This valve is leaking from the area shown.

I tried unscrewing the valve but it wouldn't budge. The pipe it's connected to is 60 years old, so I need to be gentle. What's the safest way to take it off?

Option B is to change the stem. Most valves I've seen have a single nut that holds the stem in, but this one has two. Tightening the second nut shown by the arrow eliminated the leak but then the handle won't turn at all.

Which stem do I need to replace the one I have?

enter image description here

  • 1
    Looks old an rough enough that it might not be a bad idea to just replace it. You'll have to cut the water to do work on the stem anyway, and cut-offs are relatively cheap.
    – Comintern
    Commented Jul 30, 2015 at 0:16

1 Answer 1


Looks like it says "BRASS" on it, I'd guess American Brass. Identify your stem, here.

It may not leak anymore if you have tightened it, but now you need to loosen it a little to let it operate. I appreciate your need to be gentile, but I'd swap the entire valve out. One thing though, is that nipple NPT? It kinda looks like machine thread.

Safest way to take it off is to 'back-it-up' by using a pipe wrench on the nipple and an adjustable wrench on the valve. If you collapse the nipple with a pipe wench, it was about time to swap it all out anyway.

Backing it up, keeps the tension between the nipple and the valve, and doesn't let the rest of the piping spin.

Don't care, just want it to work and not leak: lock it down in the 'on' position.

Small leaks plug themselves.
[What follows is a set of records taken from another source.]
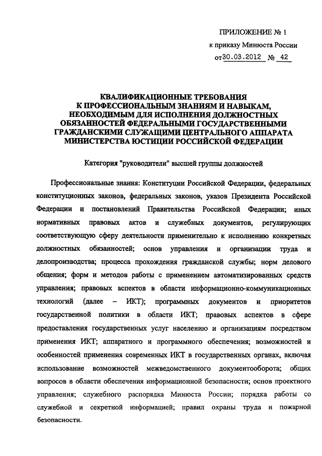 (вместе с "КВАЛИФИКАЦИОННЫМИ ТРЕБОВАНИЯМИ К ПРОФЕССИОНАЛЬНЫМ ЗНАНИЯМ И НАВЫКАМ В ОБЛАСТИ ИНФОРМАЦИОННО - КОММУНИКАЦИОННЫХ ТЕХНОЛОГИЙ, НЕОБХОДИМЫМ ДЛЯ ИСПОЛНЕНИЯ ДОЛЖНОСТНЫХ ОБЯЗАННОСТЕЙ ФЕДЕРАЛЬНЫМИ ГОСУДАРСТВЕННЫМИ ГРАЖДАНСКИМИ СЛУЖАЩИМИ ЦЕНТРАЛЬНОГО АППАРАТА МИНИСТЕРСТВА ЮСТИЦИИ РОССИЙСКОЙ ФЕДЕРАЦИИ, КУРИРУЮЩИМИ ВОПРОСЫ ВНЕДРЕНИЯ ИНФОРМАЦИОННО - КОММУНИКАЦИОННЫХ ТЕХНОЛОГИЙ В ДЕЯТЕЛЬНОСТЬ МИНЮСТА РОССИИ, А ТАКЖЕ В ЧЬИ ДОЛЖНОСТНЫЕ ОБЯЗАННОСТИ ВХОДЯТ СОЗДАНИЕ, РАЗВИТИЕ И АДМИНИСТРИРОВАНИЕ ИНФОРМАЦИОННЫХ СИСТЕМ") (Зарегистрировано в Минюсте РФ 09.04.2012 N 23769)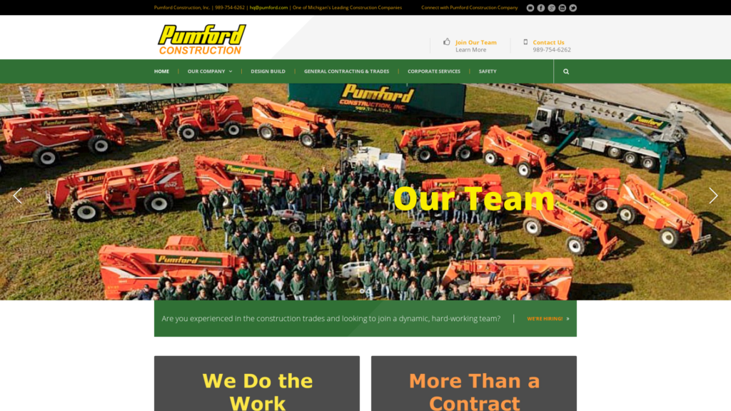 Pumford Construction is a full-service construction company proudly located in Michigan’s Great Lakes Bay Region. We provide an array of construction services including In-House Skilled Trades, General Contracting, Green Building, and Design-Build.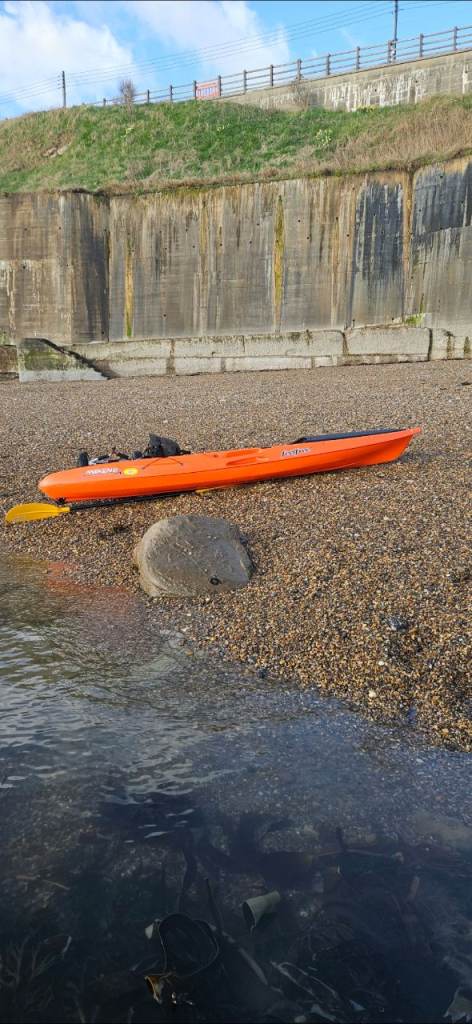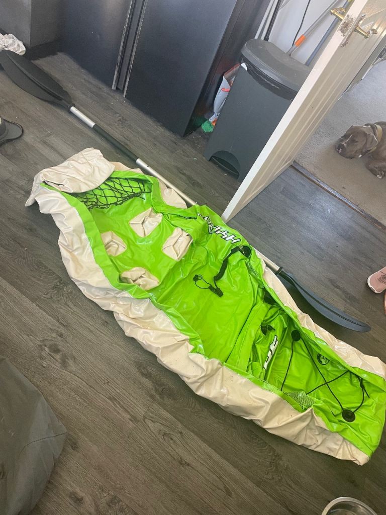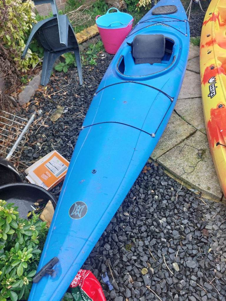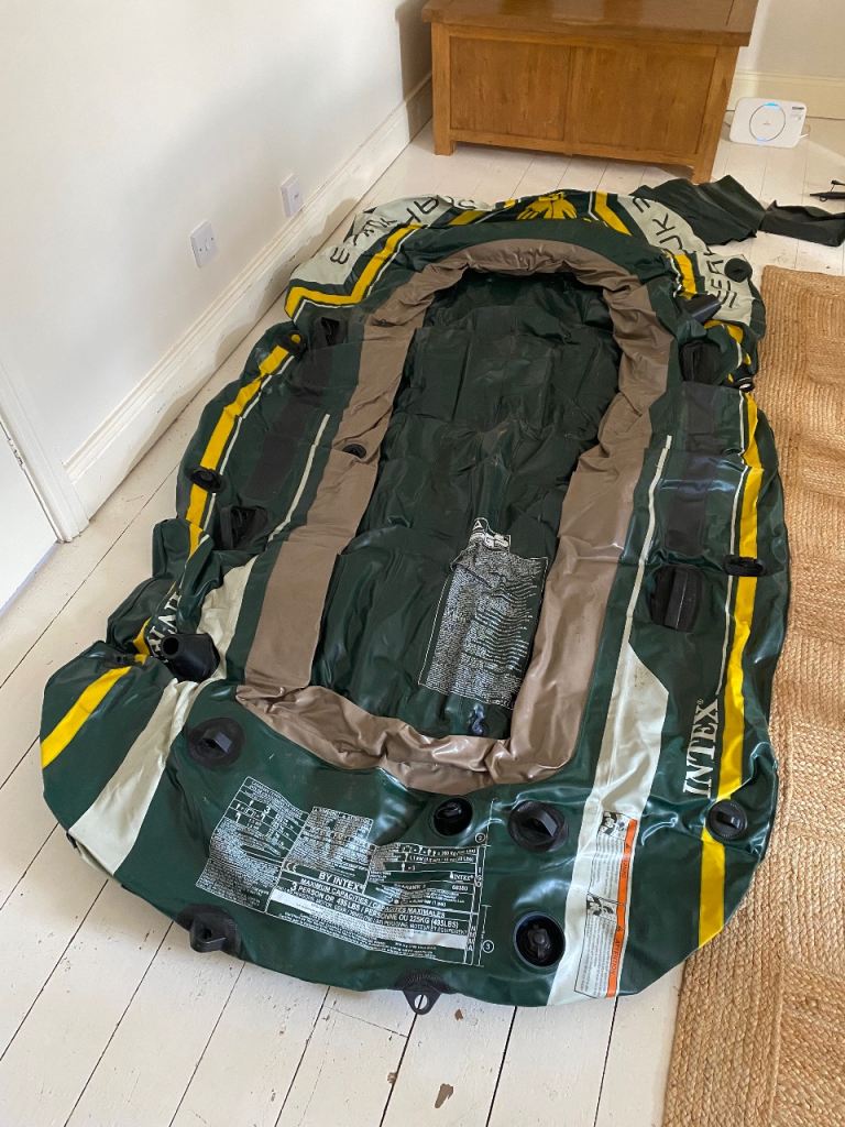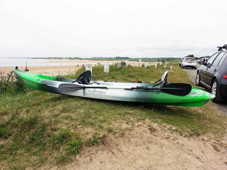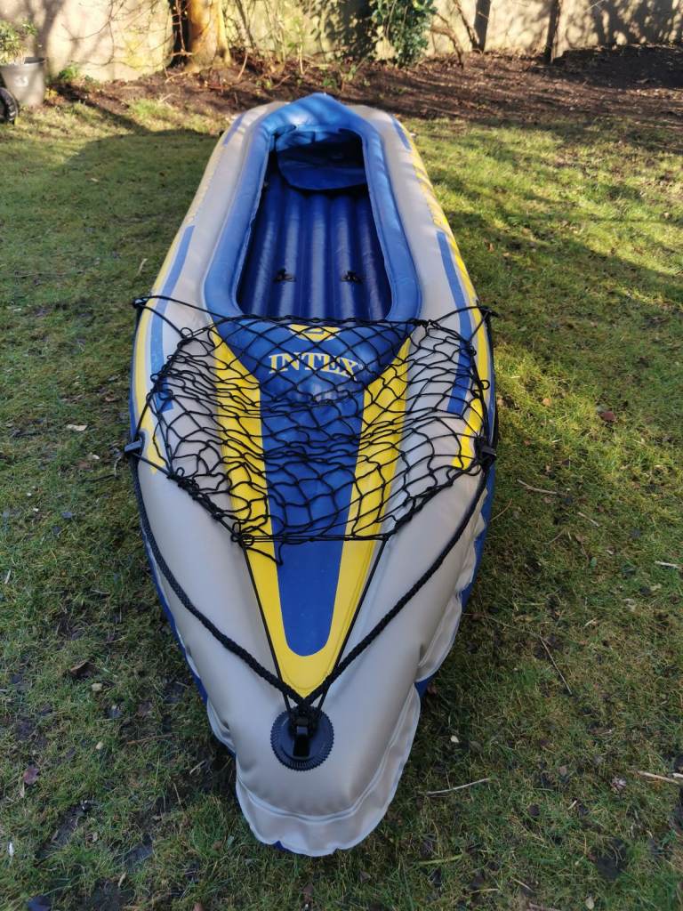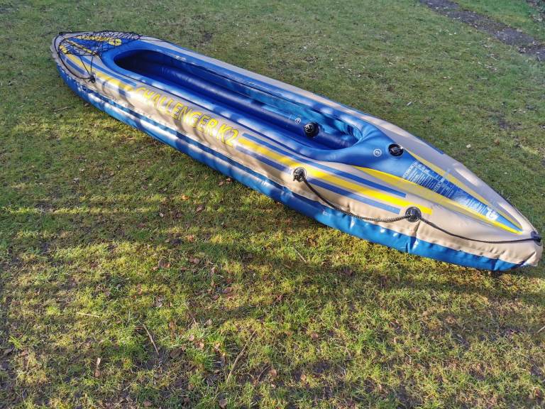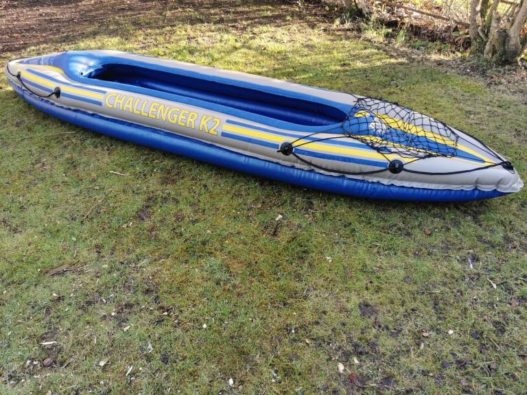 The kayak fits 2 adults and one child, 2 adults and a dog, or 2 adults and camping gear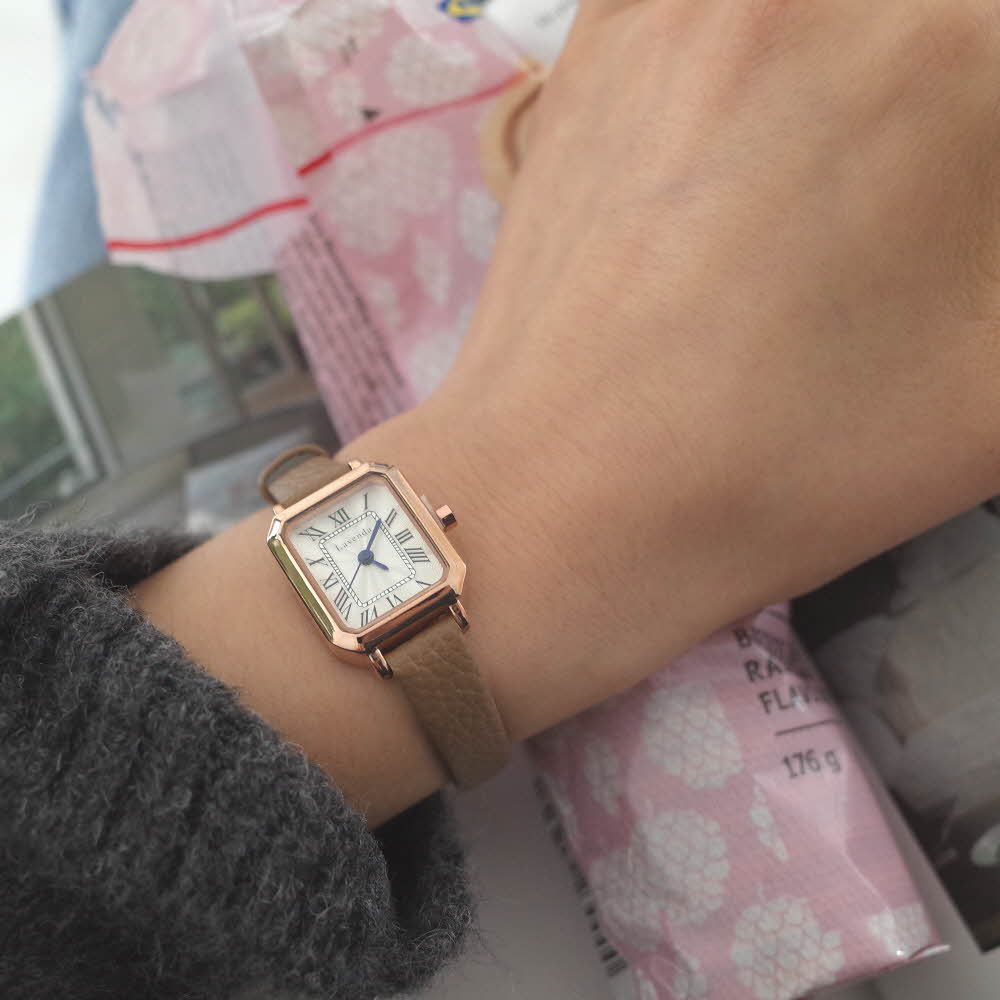 천연 소가죽 밴드 8각 스퀘어 로마 숫자 네모 초침 손목 시계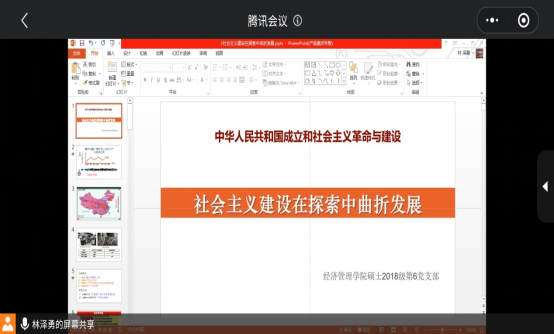2021年4月29日20时,今年会硕士2018级第六党支部专题组织生活会在腾讯会议上召开。此次会议由党支部书记林泽勇同志主讲,硕士2018级第六党支部全体党员参加。会议主题围绕“社会主义建设在探索中曲折发展”进行了学习和探讨。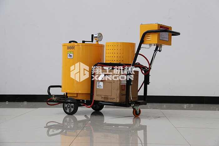 翔工60L手扶瀝青灌縫機采用液化氣加熱系統(tǒng),導熱油循環(huán),使瀝青或灌縫膠快速融化,通過瀝青泵的壓力由出料口出料而達到裂縫處理的效果。通過壓力注射式灌縫,使材料和縫壁緊密結(jié)合,轉(zhuǎn)向靈活的萬向輪追蹤裂縫,使灌縫效果美觀。由于灌縫材料使用瀝青或灌縫膠,在溫度較低時容易凝固,灌縫機配有發(fā)電機組提供整機動力,灌縫機在出料管部位采用恒溫控制系統(tǒng),避免材料燒焦老化,保證出料的順暢。

Relieve some of the tension on the packing nut, put a pan under it and see if it stops in a few days.

  • not sure if it's ntp, you see as much as i do ) Commented Jul 30, 2015 at 1:49
  • what's the best way to back-it-up when undoing the entire valve? in other words which tool will grab onto the pipe the best while damaging it the least. Commented Jul 30, 2015 at 1:50
  • @jayshilling A strap wrench on the pipe I guess, but I seldom use them and I doubt they'd even work on a half inch pipe with the amount of force you're going to use; it'll just slip (that would be bad). As with all plumbing repairs, be prepared to bite the bullet and take it all the way back to the house's incoming water valve, or don't touch it. Also, small leaks plug themselves. Relieve some of the tension on the packing nut, put a pan under it and see if it stops in a few days.